故郷へ恩返し

故郷を離れて早40年。私は、故郷に何かの恩返しをしたい。

あったかくて

2020-10-07 04:35:11 | 思い出話

絵のタイトルは、「あったかくて」です。
文化の日、野外で仲間と一緒にチュニジアダンスを披露しました。
そのあとのコーヒーがあったかくて、この表情です。


今日のタイトルは、「あったかくて」です。
体温が感じられる記事を書きたいと挑戦します。

母の胸に顔をうずめ、幼子が無心で喉を潤している。
満足し、母のパジャマのひらひらで、自分の顔をすりすりしながら眠りについた。
幼子は、母の胸にむしゃぶりつくことはなくなった。
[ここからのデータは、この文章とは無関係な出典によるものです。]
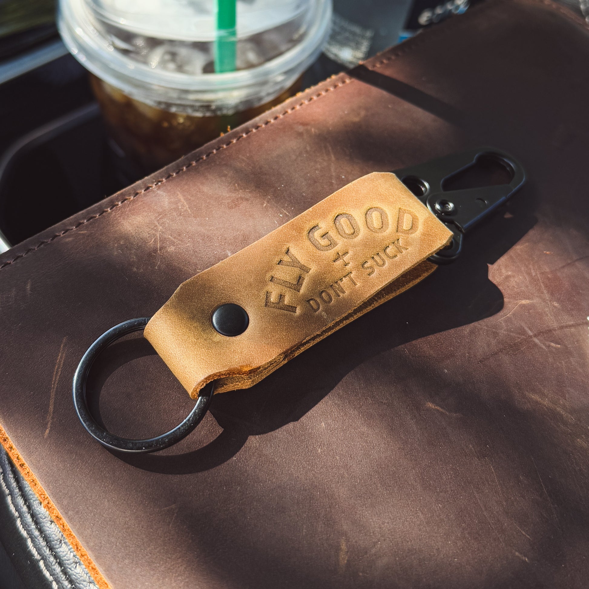Crafted from premium leather, this soft tan leather & black keychain features our iconic Fly Good Don't Suck phrase stamped into the surface. With matte black metal hardware on both ends, one side boasts a trigger snap clip, perfect for securing to your flight bag or any desired location. On the opposite end, attach your keys to the sturdy o-ring.
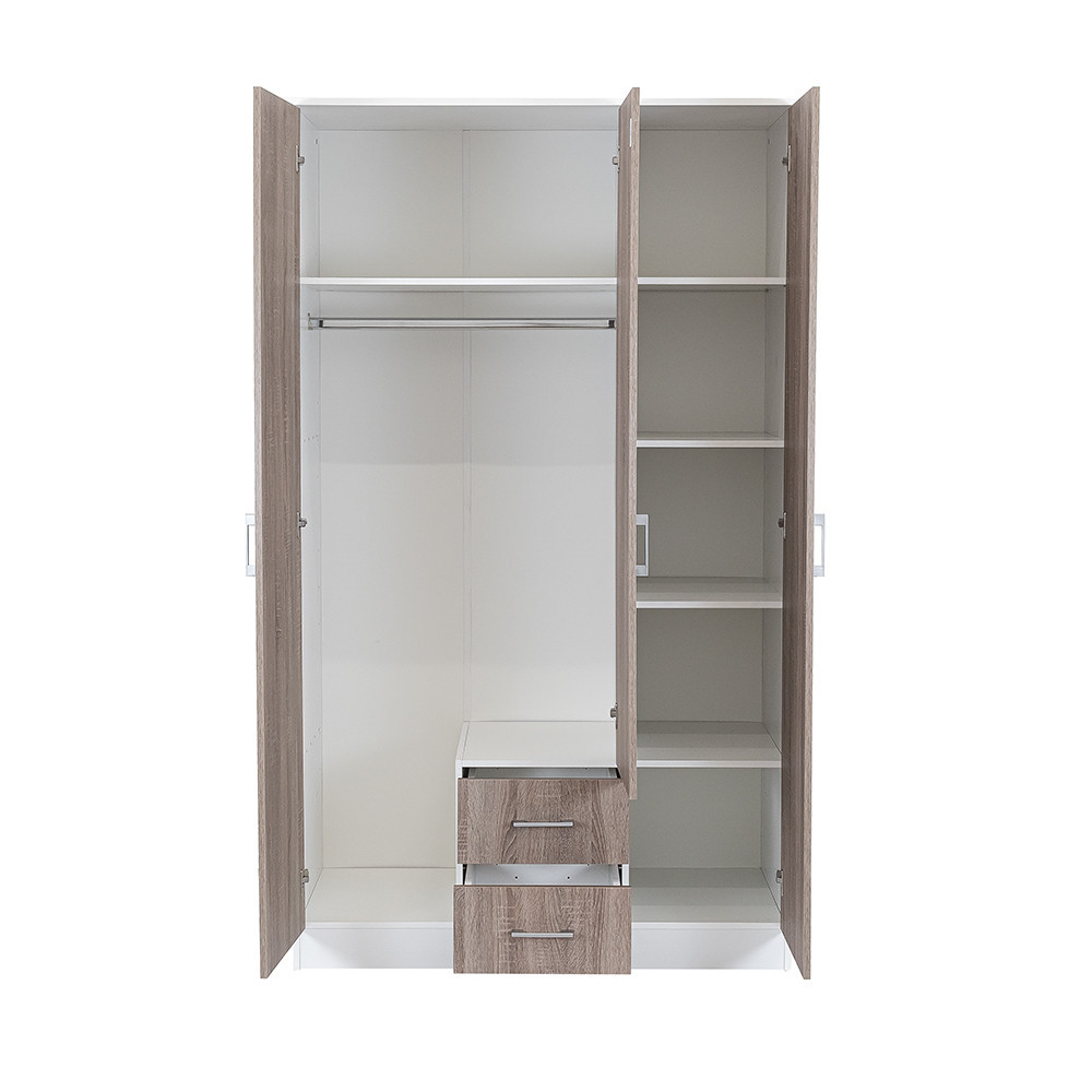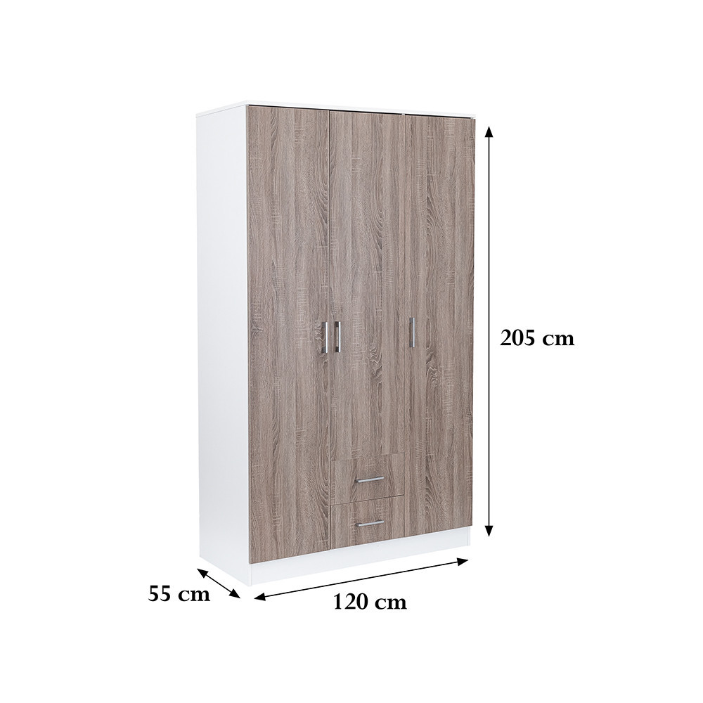 Elegantul fațadă din stejar York și efectul de lemn corp alb Combinația sa creează o armonie perfectă atât în living, cât și în dormitor. THE 205 cm înălțime, 120 cm lățime și 55 cm adâncime Un dulap este o alegere ideală pentru oricine dorește să își organizeze hainele și accesoriile.

ひらひらがあれば、どこでもいつでも眠られる。

高校一年生の夏、室積海岸で遠泳をした。
太鼓の音を聞きながら、仲間とゆっくりと泳いだ。
二時間後、唇が青いまま砂浜をあがった。
女の先生と同級生の女子が、甘酒をふるまってくれた。

2週間山歩きをした。
高尾山を出てから、やっと天龍迄辿り着いた。
自分の実力からは、ここが限界と京都までの挑戦をやめた。
「先にお風呂に入ってくれる」古刹の寺の奥様の一言。

私にも同じことをするの。
過去別れた女性と、もう会わないための自分の覚悟の行動を話した。
女の眼から涙がこぼれた。胸が締め付けられた。

居酒屋で飲む金がない。
一本の缶ビールを友と交互に飲んだ。
一口飲んでは、全力で走った。酔いは回らない。
また飲んで、走った。交互に相手の顔を殴った。
唇から血がほとばしった。

15mの梁を猿のように昇った。
現場は昼休みで、同僚の者たちが下で見守る。
450mmのH鋼に両足をかけ、両手で吊元に使ったワイヤーを外しにかかった。
務所上りが、残したワイヤーである。吹き出る汗が後悔を物語っていた。
1mのワイヤーが乾いた音を立て、コンクリートの床ではねた。
水平に10m、垂直に15m四肢の筋肉だけを信じて、無事に床を踏んだ。

こんな風景じゃない。
篠竹の林に入り込んで一カ月が経った。伐った篠竹は1600本。妻は、気が振れたと心配した。
山際から耕作放棄地を抜け、駐車場らしき場所を抜けやっと村道まで切り開いた頃、
近所のおばさんが、「私も気になっとった。ありがとう」と言われた。
カフェの周りと隣接する空き家を覆う木を伐ろうと、闘志が湧いた。

女の柔肌を思い出そうにも、記憶が蘇ってこない。
申し訳ないと、寒々とした想いしかない。

「あったかくて」は、瞬時の想いです。
あとから思い出せる、温度の記憶は乏しいことが分かった。
私の名前を忘れた母の手は、がさがさで温かった。
私の中にも、母からもらった温かい血が流れている。
温度の記憶は、哀しい。
もう、感じることができないからだろうか。